Sparks v. Celebrezze

228 F. Supp. 508, 1964 U.S. Dist. LEXIS 7137
CourtDistrict Court, E.D. Texas
DecidedApril 16, 1964
DocketCiv. A. No. 4763
StatusPublished
Cited by6 cases

This text of 228 F. Supp. 508 (Sparks v. Celebrezze) is published on Counsel Stack Legal Research, covering District Court, E.D. Texas primary law. Counsel Stack provides free access to over 12 million legal documents including statutes, case law, regulations, and constitutions.

Bluebook
Sparks v. Celebrezze, 228 F. Supp. 508, 1964 U.S. Dist. LEXIS 7137 (E.D. Tex. 1964).

Opinion

FISHER, District Judge.

The Secretary denied to Plaintiff, Grady L. Sparks, disability insurance benefits under the Federal Social Security Act, and on March 28,1963, Plaintiff was advised by letter that the Appeals Council of the Department of Health, Education and Welfare had denied his request for review of said decision.

The Plaintiff filed suit for judicial review and on December 23, 1963, judgment was rendered granting Plaintiff’s motion for summary judgment, reversing the final decision of the Appeals Council and finding that Plaintiff was entitled to a period of disability beginning July 1, 1960. Subsequent to the date of judgment, Plaintiff, acting by and through his attorney, Honorable Earl B. Stover, Silsbee, Texas, filed a motion requesting the Court to set a reasonable attorney’s fee and order that such attorney’s fee be paid. This motion was granted and on February 14, 1964, attorney’s fees in the amount of twenty (20%) per cent of Plaintiff’s total recovery of disability benefits, beginning July 1, 1960, and continuing to and through December 23, 1963, were allowed the attorney for Plaintiff.

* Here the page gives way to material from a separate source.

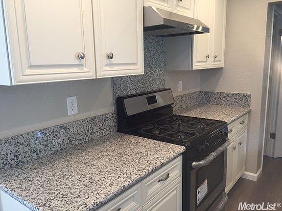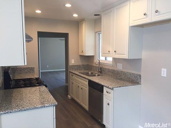 Great curb appeal! Updated 4 bedroom/ 2 bathroom on quiet tree lined street. All new kitchen with gorgeous granite, stainless appliances, new cabinets, and new wood laminate flooring. Separate living and family rooms with unique and cozy fireplace. Clean new bathroom with new vanity, new tile, and new glass shower. New plush carpeting in bedrooms. All new dual pane windows. New paint inside and out. New 30 year composition roof. Adorable matching shed in the low maintenance back yard.

The Defendant then filed a motion requesting that the court alter and amend the attorney’s fee order for the reason that said order directs the Secretary of Health, Education and Welfare to violate Section 405(i) of the Act;1 ******that there is no basis under the Act for the award of attorney’s fees and that the order violates Section 407 of the Act.2

[510]*510Plaintiff, Grady L. Sparks, was fifty-two years of age at the time of his appearance before the hearing examiner, and such hearing resulted in a denial of any benefit payments to him. The first mention in the record of Plaintiff’s having an attorney appears by way of his attorney having filed for him, on May 22, 1963, Plaintiff’s Original Complaint. Thus, before the employment of counsel, Plaintiff’s individual efforts had resulted in complete failure. This Court awarded attorney’s fees in the amount of twenty (20%) per cent of the claimant’s accrued, total recovery, not on the basis of any employment contract that may or may not have existed between claimant and his attorney, but solely on the basis of the reasonable value of legal services rendered.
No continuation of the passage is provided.